# Assignment
Extract the lines from the first one in the records below through the line containing "ohne dich | |", keeping both ends and leaving out any pictures.

———

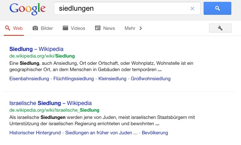 Geben Sie auf Google mal „Siedlungen“ ein, schon der zweite Treffer beschäftigt sich mit „jüdischen Siedlungen“.
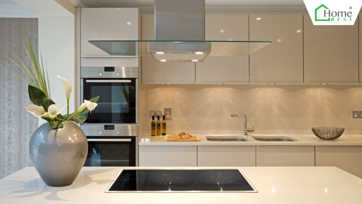 Ưu điểm: Thiết kế tối giản, tinh tế. Không chiếm nhiều không gian phía trên bếp.
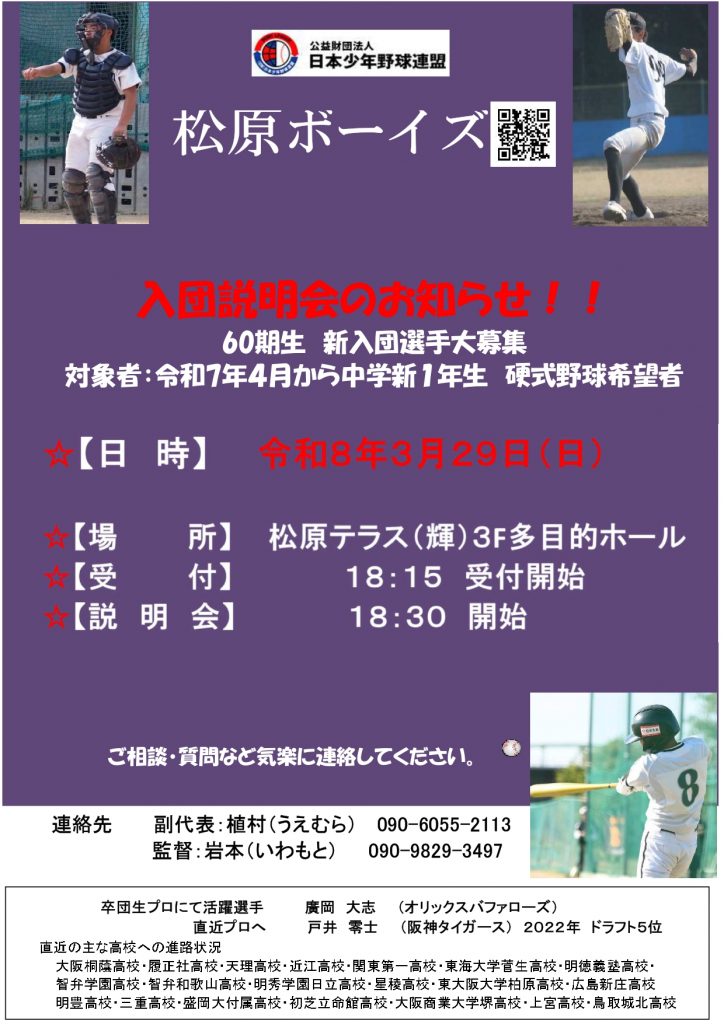 ★松原ボーイズ60期生入団説明会のお知らせ★
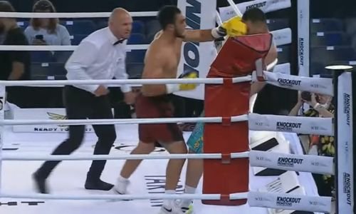 Биринчи раунд охирларида ўзбек боксчиси рақибини канатга қисиб қўйиб, унга зарбалар сериясини йўллади. Ўша паллада қозоқ ўзини буткул йўқотиб қўйди: қўлини пастга туширди ва жағига ён томонлама кучли зарбани ўтказиб юборди.
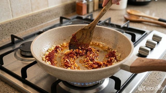 4. 마늘 향이 올라오면 고춧가루 1/2큰술을 넣어 타지 않게 고추기름을 만든다.
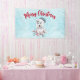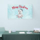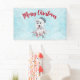 Christmas banner with a whimsical and cute watercolor painting of a husky dog wearing a blue Santa hat.
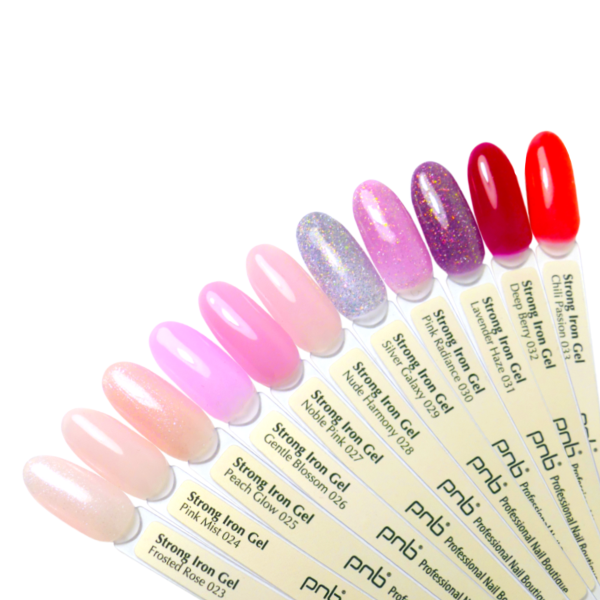 Jei reikia, uždėkite formas. Užtepkite ploną UV/LED Strong Iron Gel PNB sluoksnį, nekietinant įlašinkite gelio lašelį į apex zoną ir paskirstykite per visą nagą.
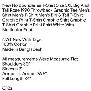 New No Boundaries T-Shirt Size 5XL Big And Tall Rose 1990 Throwback Graphic Tee
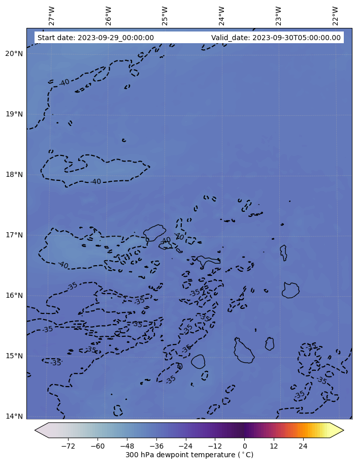 - Water vapor mixing ratio (g kg¯¹)- 300 hPa
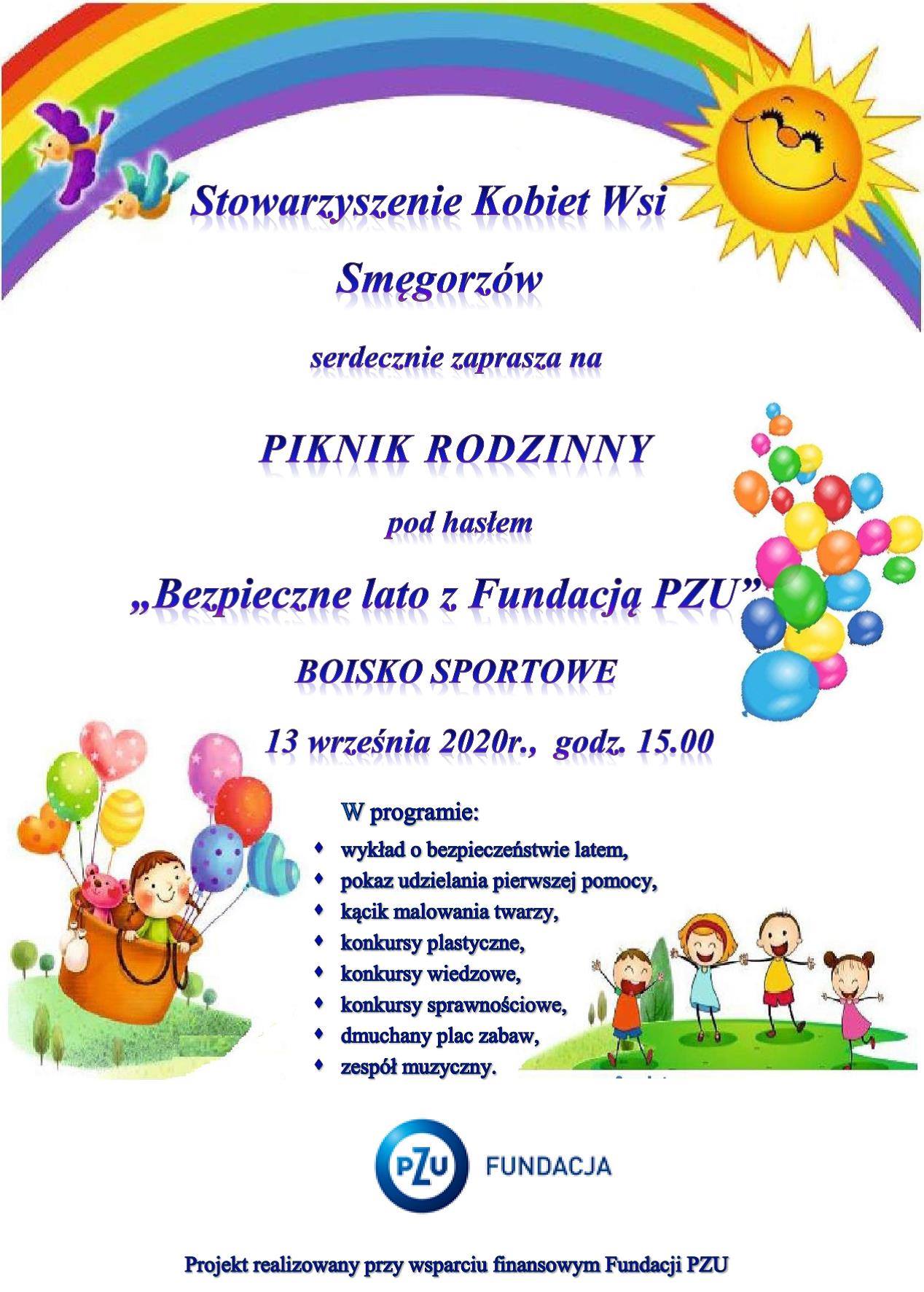 Stowarzyszenie Kobiet Wsi Smęgorzów organizuje pierwszą od kilku miesięcy imprezę plenerową. Już 13 września br. na stadionie sportowym odbędzie się piknik pod hasłem „Bezpieczne lato z Fundacją PZU”. Na uczestników czeka moc atrakcji: dmuchany plac zabaw, pokaz pierwszej pomocy, konkursy plastyczne, sprawnościowe i wiedzowe, malowanie twarzy, wata cukrowa,  popcorn, muzyka na żywo i wspólne biesiadowanie. Projekt realizowany jest w ramach partnerstwa z Fundacją PZU. W związku z trwającą epidemią, do udziału w imprezie zaproszeni są tylko mieszkańcy Smęgorzowa, przed wejściem na teren stadionu uczestnicy proszeni są o zdezynfekowanie dłoni i zachowanie bezpiecznego dystansu od innych.
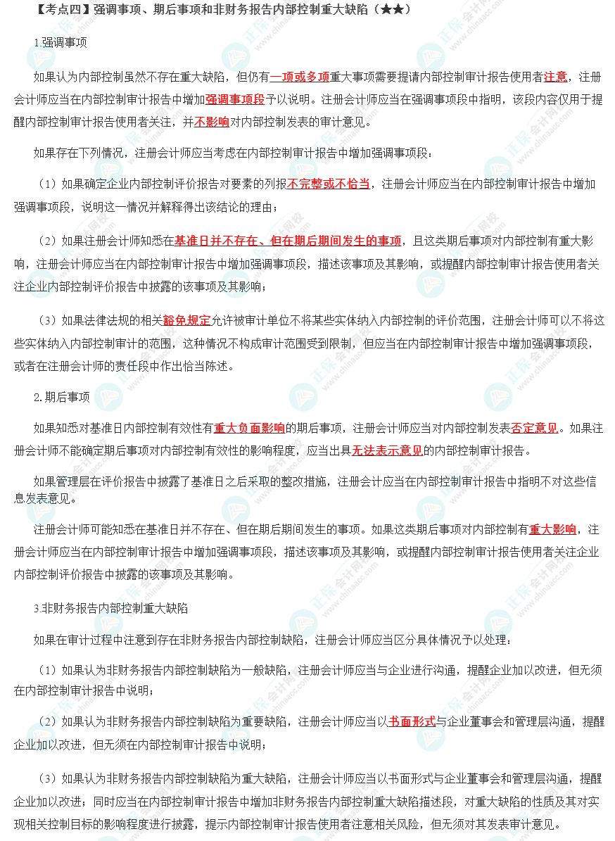 内部控制审计与财务报表审计的异同点、自上而下的方法、内部控制缺陷评价和整改、强调事项、期后事项和非财务报告内部控制重大缺陷
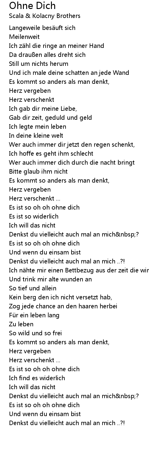 | Es ist so oh oh ohne dich | |
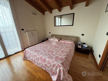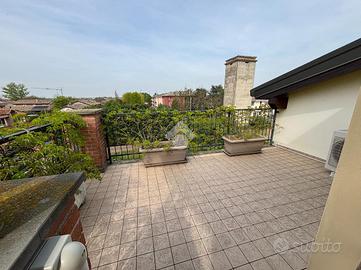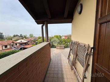 Elegante duplex recente con mansarda, terrazzi e garage - ottime finiture Alberi di Vigatto: in contesto residenziale tranquillo e ben curato, proponiamo in vendita raffinato appartamento disposto su due livelli (piano primo oltre rialzato + mansardato), realizzato nel 2003 e oggetto di interventi migliorativi nel tempo. L'ingresso si apre su una luminosa zona living open space con cucina a vista e penisola, un ambiente moderno e accogliente valorizzato da ampie aperture e accesso diretto ai primi due terrazzini, ideali per vivere appieno gli spazi esterni. Al piano principale troviamo un primo bagno finestrato con box doccia. Tramite scala interna si accede al piano mansardato, qui si trova la camera matrimoniale con accesso diretto ad un godibile e spazioso terrazzo e un altro ambiente versatile perfetto come seconda camera, studio o zona relax, oltre al secondo servizio con vasca idromassaggio e un altro funzionale sfogo esterno. L'immobile si distingue inoltre per le dotazioni tecniche e gli interventi eseguiti, tra cui: Riscaldamento autonomo con caldaia sostituita nel 2009 Impianto di climatizzazione (interventi recenti 2025) Cappotto/isolamento interno con contropareti in cartongesso e lana di roccia, per un miglior comfort termo-acustico Interventi di insonorizzazione acustica Tenda/chiusura perimetrale del terrazzo superiore con struttura volumetrica Porta blindata Completano la proprietà uno spazioso garage al piano interrato (26 mq) e finiture curate, tra cui pavimenti in legno che rendono gli ambienti caldi ed eleganti. L'appartamento è in ottime condizioni e pronto da abitare; si valuta inoltre la possibilità di lasciare parte dell'arredo.

———

# Solution below
 Geben Sie auf Google mal „Siedlungen“ ein, schon der zweite Treffer beschäftigt sich mit „jüdischen Siedlungen“.
 Ưu điểm: Thiết kế tối giản, tinh tế. Không chiếm nhiều không gian phía trên bếp.
 ★松原ボーイズ60期生入団説明会のお知らせ★
 Биринчи раунд охирларида ўзбек боксчиси рақибини канатга қисиб қўйиб, унга зарбалар сериясини йўллади. Ўша паллада қозоқ ўзини буткул йўқотиб қўйди: қўлини пастга туширди ва жағига ён томонлама кучли зарбани ўтказиб юборди.
 4. 마늘 향이 올라오면 고춧가루 1/2큰술을 넣어 타지 않게 고추기름을 만든다.
 Christmas banner with a whimsical and cute watercolor painting of a husky dog wearing a blue Santa hat.
 Jei reikia, uždėkite formas. Užtepkite ploną UV/LED Strong Iron Gel PNB sluoksnį, nekietinant įlašinkite gelio lašelį į apex zoną ir paskirstykite per visą nagą.
 New No Boundaries T-Shirt Size 5XL Big And Tall Rose 1990 Throwback Graphic Tee
 - Water vapor mixing ratio (g kg¯¹)- 300 hPa
 Stowarzyszenie Kobiet Wsi Smęgorzów organizuje pierwszą od kilku miesięcy imprezę plenerową. Już 13 września br. na stadionie sportowym odbędzie się piknik pod hasłem „Bezpieczne lato z Fundacją PZU”. Na uczestników czeka moc atrakcji: dmuchany plac zabaw, pokaz pierwszej pomocy, konkursy plastyczne, sprawnościowe i wiedzowe, malowanie twarzy, wata cukrowa,  popcorn, muzyka na żywo i wspólne biesiadowanie. Projekt realizowany jest w ramach partnerstwa z Fundacją PZU. W związku z trwającą epidemią, do udziału w imprezie zaproszeni są tylko mieszkańcy Smęgorzowa, przed wejściem na teren stadionu uczestnicy proszeni są o zdezynfekowanie dłoni i zachowanie bezpiecznego dystansu od innych.
 内部控制审计与财务报表审计的异同点、自上而下的方法、内部控制缺陷评价和整改、强调事项、期后事项和非财务报告内部控制重大缺陷
 | Es ist so oh oh ohne dich | |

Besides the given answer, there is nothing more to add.